Section 921 of the National Defense Authorization Act for
Fiscal Year 2004 (Pub. L. No. 108-136 (November 24, 2003))
changed the name of the National Imagery and Mapping Agency to
the National Geospatial-Intelligence Agency. The name change
was intended to introduce the term ``geospatial intelligence''
to better describe the unified activities of NGA related to the
``analysis and visual representation of characteristics of the
earth and activity on its surface.'' See S. Rep. 108-46 (May
13, 2003) (accompanying The National Defense Authorization Act
for Fiscal Year 2004, S. 1050, 108th Cong., 1st Sess.).
Though the NGA has made significant progress toward
unifying the traditional imagery analysis and mapping missions
of the CIA and Department of Defense, it has been slow to
embrace other facets of ``geospatial intelligence,'' including
the processing, storage, and dissemination of full-motion video
(FMV) and ground-based photography. Rather, the NGA's
geospatial products repositories--containing predominantly
overhead imagery and mapping products--continue to reflect its
heritage. While the NGA is belatedly beginning to incorporate
more airborne and commercial imagery, its data holdings and
products are nearly devoid of FMV and ground-based photography.
The Committee believes that FMV and ground-based
photography should be included, with available positional data,
in NGA data repositories for retrieval on Department of Defense
and IC networks. Current mission planners and military
personnel are well-served with traditional imagery products and
maps, but FMV of the route to and from a facility or
photographs of what a facility would look like to a foot
soldier--rather than from an aircraft--would be of immense
value to military personnel and intelligence officers. Ground-
based photography is amply available from open sources, as well
as other government sources such as military units, United
States embassy personnel, Defense Attaches, Special Operations
Forces, foreign allies, and clandestine officers. These
products should be better incorporated into NGA data holdings.
To address these concerns, Section 435 adds an additional
national security mission to the responsibilities of the NGA.
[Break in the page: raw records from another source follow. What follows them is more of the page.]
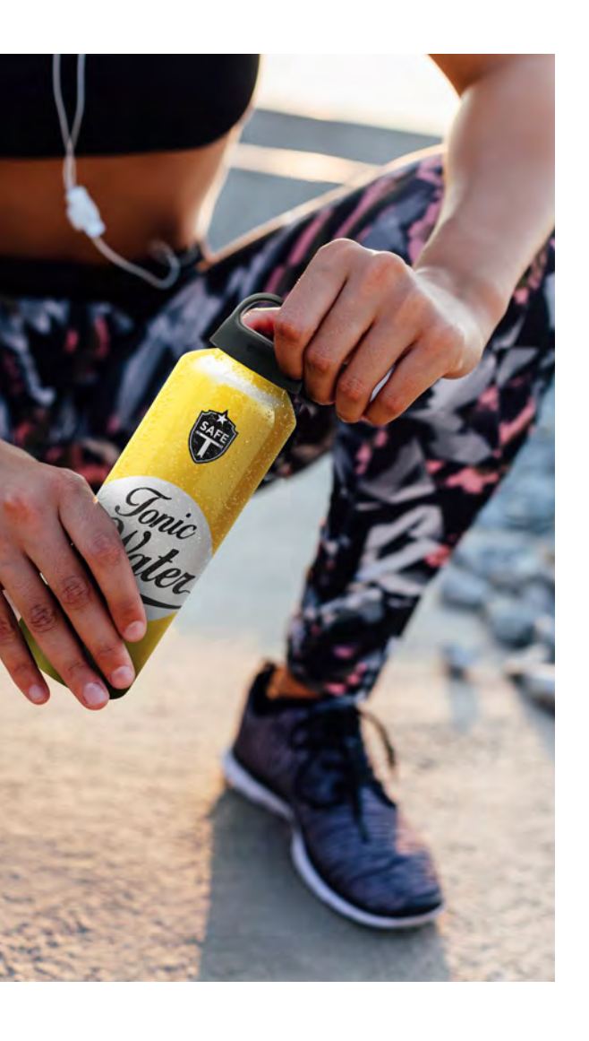
Bottles 750ml Elegant lightweight and durable.
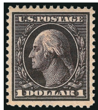
$1 1908 (Scott 342), Mint NH, certified XF-Superb 95 by PSE Sold in 2015 for $6,612
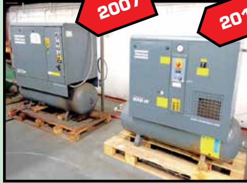
VIEW OF ATLAS COPCO AIR COMPRESSORS
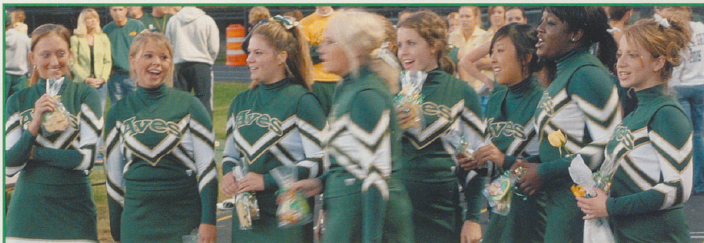
The girls anxiously await at the rose ceremony to find out which football players they will receive their roses from. The rose ceremony was one of the school's Homecoming traditions. Only the seniors received roses, but it was fun for everyone who watched.

After football season finished the girls took a few weeks off, then they had to work on new things for the upcoming basketball season.
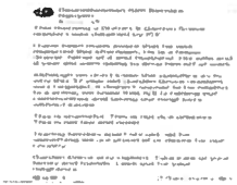
GG.CCW.KBN.10.08.20.jpg 297 KB
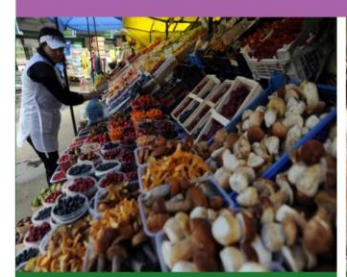
Provides foods for billions of people

Forests sustain life, nourish communities and safeguard our future
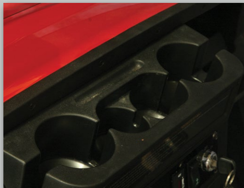
Four front cup holders
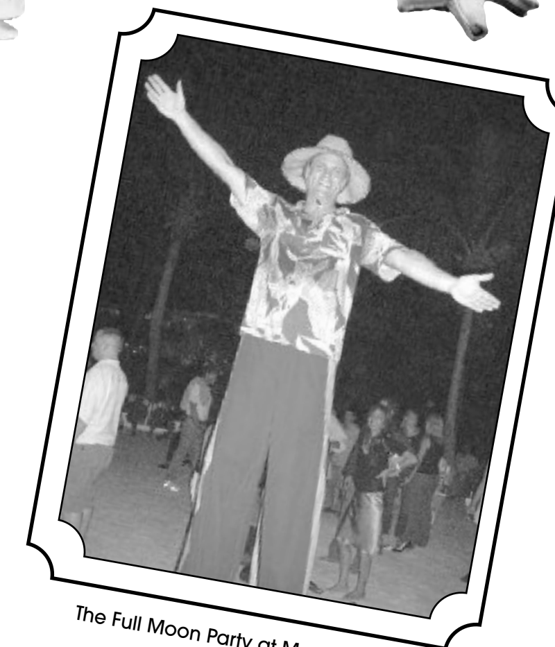
The Full Moon Party at Morada Bay is always large!
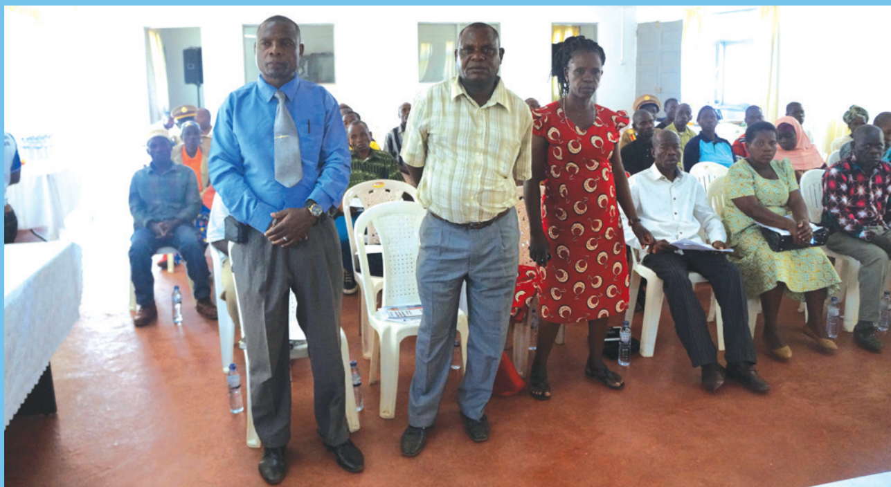
Lago ODASS demanded community leaders to promote good practices in their respective areas

To fulfill this new mission, NGA would be required, as directed
by the DNI, to develop a system to facilitate the analysis,
dissemination, and incorporation of likenesses, videos, or
presentations produced by ground-based platforms, including
handheld or clandestine photography taken by or on behalf of
human intelligence collection organizations or available as
open-source information into the National System for Geospatial
Intelligence.
Section 435 also makes clear that this new responsibility
does not include the authority to manage the tasking of
handheld or clandestine photography taken by or on behalf of
human intelligence collection organizations. Although Section
435 does not give the NGA direct authority to set technical
requirements for collection of handheld or clandestine
photography, the Committee encourages the NGA to engage IC
partners on these technical requirements to ensure that their
output can be incorporated into the National System for
Geospatial-Intelligence.
Section 435 does not modify the definition of ``imagery''
found in Section 467(2)(A) of Title 10, U.S.C., or alter any of
the existing national security missions of the NGA. With
Section 435, the Committee stresses the merits of FMV and
ground-based photography and clarifies that the exclusion of
``handheld or clandestine photography taken by or on behalf of
human intelligence organizations'' from the definition of
``imagery'' under the NIMA Act does not prevent the
exploitation, dissemination, and archiving of that photography.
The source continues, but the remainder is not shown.